I use a simple but highly effective technique for skewing Windows speech recognition toward false negatives (missed detection) instead of false positives (triggering when a command wasn't spoken). Because the match percent returned by WSR is a relative value between potential words it's unsuitable as a general estimate of detection accuracy. What I needed was a set of highly distinct sounds, to use as a "combination lock". The phonetic alphabet was ideally suited.
By setting the trigger phrase to three specific letters in a row, e.g. "alpha bravo charlie" it opens 15,600 permutations the speech recognition engine will attempt to match to all spoken phrases. This number is large enough that the command never triggers accidentally. (Since 2013 I've had the system active with daily computer use: YouTube, Twitch.tv, Pandora, etc. and it has only falsely triggered a few times.)
With the phonetic alphabet in place as the available choices, it's easy enough to slip in some custom words, particularly: "come" "pew" "tur". The engine will now trigger on the phrase "computer", rather than "alpha bravo charlie". You may have to enunciate, but it won't trigger on accident.

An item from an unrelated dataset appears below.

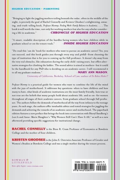 Professor Mommy is designed as a guide for women who want to combine the life of the mind with the joys of motherhood. The book provides practical suggestions from the authors' experiences together with those of other women who have successfully combined parenting with professorships. Professor Mommy addresses key questions-when to have children and how many, what kinds of academic institutions are the most family friendly, how to negotiate around the myths that many people hold about academic life, etc.-for women throughout all stages of their academic careers, from graduate school through full professor. The authors follow the demands of motherhood all the way from the infant stages through the empty nest. At each stage, the authors offer invaluable advice and tested strategies from women who have successfully juggled the demands and rewards of an academic career and motherhood. Written in clear, jargon-free prose, the book is accessible to women in all disciplines, with concise chapters for the time-constrained academic. The book's conversational tone is supplemented with a review of the most current scholarship on work/family balance and a survey of emerging family-friendly practices at U.S. colleges and universities. Professor Mommy asserts that the faculty mother has become and will remain a permanent fixture on the landscape of the American academy.The paperback edition features a new Preface that addresses the public conversation about mothers and work raised in Sheryl Sandberg's Lean In and Anne-Marie Slaughter's Why Women Still Can't Have it All. The new Preface also answers frequently asked questions from readers. The paperback edition features a new preface that brings the book into conversation with Sheryl Sandberg's Lean In and Anne-Marie Slaughter's "Why Women Still Can't Have It All," as well as a new afterword providing specific suggestions for institutional change.

Of course once the trigger word is heard the remaining portion is trivially matched to your command choice.
This technique can easily be adapted for a public-but-secure voice recognition system, with rotating codes. A user with access to the current code (e.g. "delta hotel foxtrot") can control the device with their voice, upon which the system will select and privately notify the user of the new code. I would love to see an implementation of this with a smartwatch like Pebble.
I originally learned you could leverage Vista's (and successor's) built-in voice recognition training to execute your own strict set of commands from a PowerShell script written by Joel "Jaykul" Bennett.
I then wrote my own quick implementation in C# as a DLL I ran from AutoHotkey.
When I discovered "acampbell" had submitted a patch to add Sapi5InProcEngine support (the particular WSR engine variant that doesn't include the accessibility commands most are familiar with) to the dragonfly Python package, I ported my code to Python. I then successfully lobbied to have the patch added to the official version (thanks t4ngo).